I get the sense that once I get all the HD equipment a NON-HD PVR won't cut it anymore


----------



## Cyclone (Jul 1, 2002)

> On the tech chat they mentioned the 811 will have a firewire connection for use to "DishAcceptable" devices.


I thought the Tech Chat said *NO* Firewire on the 811.


----------



## DarrellP (Apr 24, 2002)

The only problem with the DishWire concept is it only supports "selected" equipment. I ain't going back to tape and from what I've read about the JVC 30K, it's a very unreliable P.O.S. Since Dish is in bed w/JVC, I would bet that is who they will support.


----------



## Cyclone (Jul 1, 2002)

I think that the dishwire name to keep Dish insulated from full "firewire" support. They don't folks plug'n camcorder, ipad, and PCs into the until and complaining that they aren't compatible.


----------



## gcutler (Mar 23, 2002)

Cyclone said:


> I thought the Tech Chat said *NO* Firewire on the 811.


Was that true, could be???

I assume that the other outputs from 811 to the HDTV could go to the HD-PVR and then the HD-PVR to the HD-TV. Question is would there be a major quality loss, or its all digital from Sat to HD Reciever to HD-PVR to HDTV???


----------



## mchargue (May 5, 2003)

I'd like to bump this, as the question is of interest to me.

I have in mind an HTPC that would be used to record the output of the 811, and play my DVD/MP3/DivX/Xvid stuff.

So, will there be a DishWire connector? What will it support?

Pat


----------



## Ken_F (Jan 13, 2003)

Even if the 811 does have Firewire (and it sounded like it didn't from chat), there is very little chance that you would be able to use a standard PC to record the output--given the general lack of 5C support on PCs. So far, Dish has only indicated plans to support JVC HDTV D-VHS VCRs with their Firewire output.


----------



## Kagato (Jul 1, 2002)

Tivo floated the idea of a Stand Alone tivo with Firewire in. Although they seemed to be targeting cable boxes, but I don't see any idea why the 811 wouldn't work. Of course we're talking vaporware right now.

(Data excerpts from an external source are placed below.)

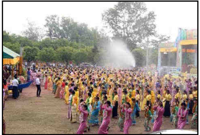
ကရင်ပြည်နယ်တွင် မြန်မာ့ရိုးရာ မဟာအတာသကြီးပွဲတော်ကျင်းပနေမှု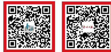
奉化发布 奉化日报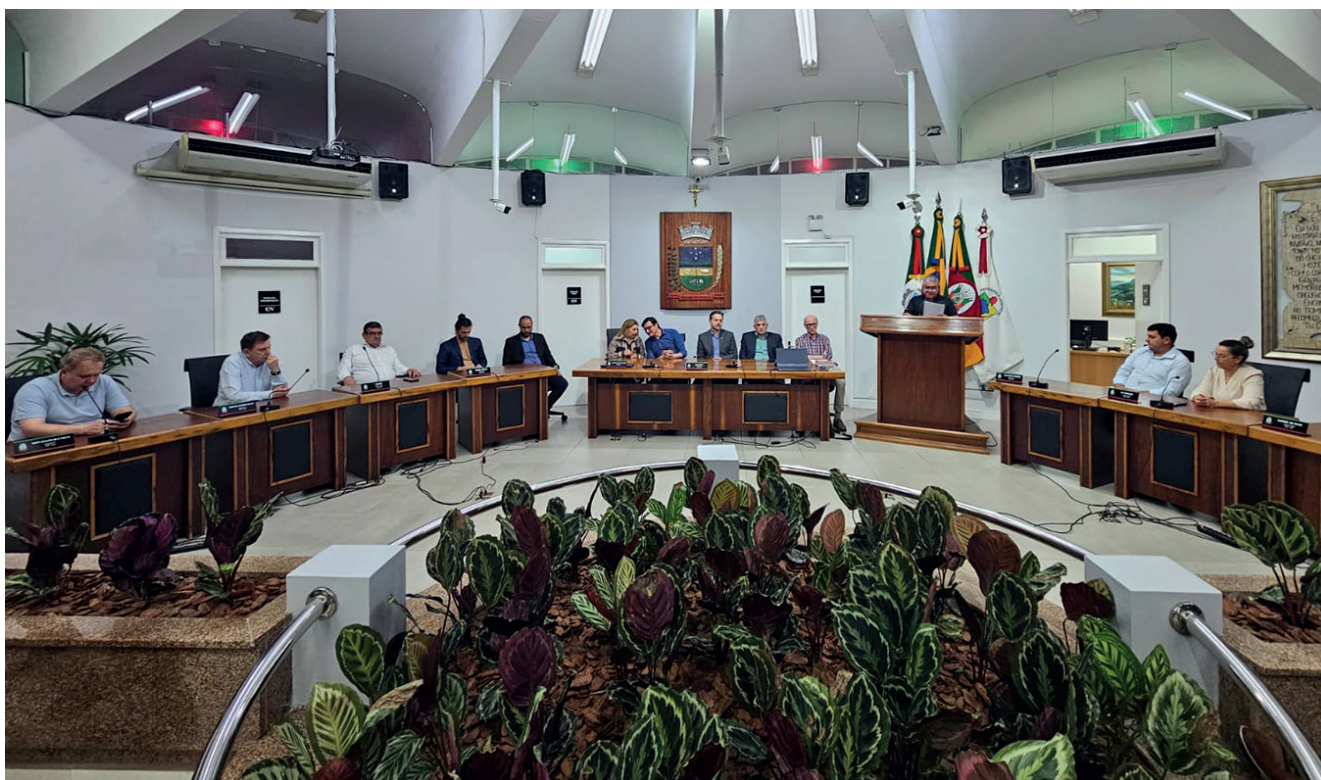
Após a sessão ordinária aconteceu o lançamento oficial do MUBS

Na noite não ocorreu a tribuna do vereador, mas na comunicação de bancadas os vereadores elogiaram a ACIE pela prestação de contas da Suinofest, onde mais de 40 mil visitantes visitaram Encantado, sendo que no salão gastronômico 60% do público foi de turistas de fora da região e 40% de pessoas da região. Além disso, cerca de R$ 16 milhões giraram durante o evento ocorrido em junho em Encantado.

To be honest I kind'a like the idea of a Firewire series 2. Tivo could do video sharing and stuff.


----------



## mchargue (May 5, 2003)

In repley to my question to the Dish network technical forum, 
-----
I am interested in HDTV, but the 921 recorder 'fee' has gotten to me. I wonder, will the new model 811 will have the ability to record to an outside system via a DishWire (IEEE1394) connection?

What I would like to do is make an HTPC that can be used as a recorder for the 811. In addition, I can use it as an MP3 jukebox, DVD/DivX/Xvid/Etc. player, and a game box. (all while still allowing me to time-slip)

What say? Can this be done?
-----

I received the following replay:
-----
Sent: Friday, August 08, 2003 3:24 PM
To: TechForum
Subject: Equipment/Software

Dear Mr. McHargue,

Thank you for your email correspondence. You should have no problems using the 811 to record to an HTPC.

Sincerely,
Matt W.
Technical Support
Dish Network
-----

So, there you have it.

Later;
Pat


----------



## Ken_F (Jan 13, 2003)

You can record to a pc from the 811, but only using the s-video / composite input on your video card.


----------



## mchargue (May 5, 2003)

Ken_F said:


> You can record to a pc from the 811, but only using the s-video / composite input on your video card.


From my original question:
-----
I wonder, will the new model 811 will have the ability to record to an outside system via a DishWire (IEEE1394) connection?
-----

I would have thought that this would have ruled out using the Svideo or composite connector. I asked about the DishWire (IEEE1394) connection directly.

I sure hope that they're not blowing smoke at me.

Pat


----------



## Jeff_R (Jun 11, 2002)

mchargue said:


> From my original question:
> -----
> I wonder, will the new model 811 will have the ability to record to an outside system via a DishWire (IEEE1394) connection?
> -----
> ...


It was stated on the Tech Chat early in July that the 811 is not currently planned to have Dishwire at all. Don't know if I'm the only one, but I didn't hear anything at all about the forthcoming 211 on the chat, either.

Jeff


----------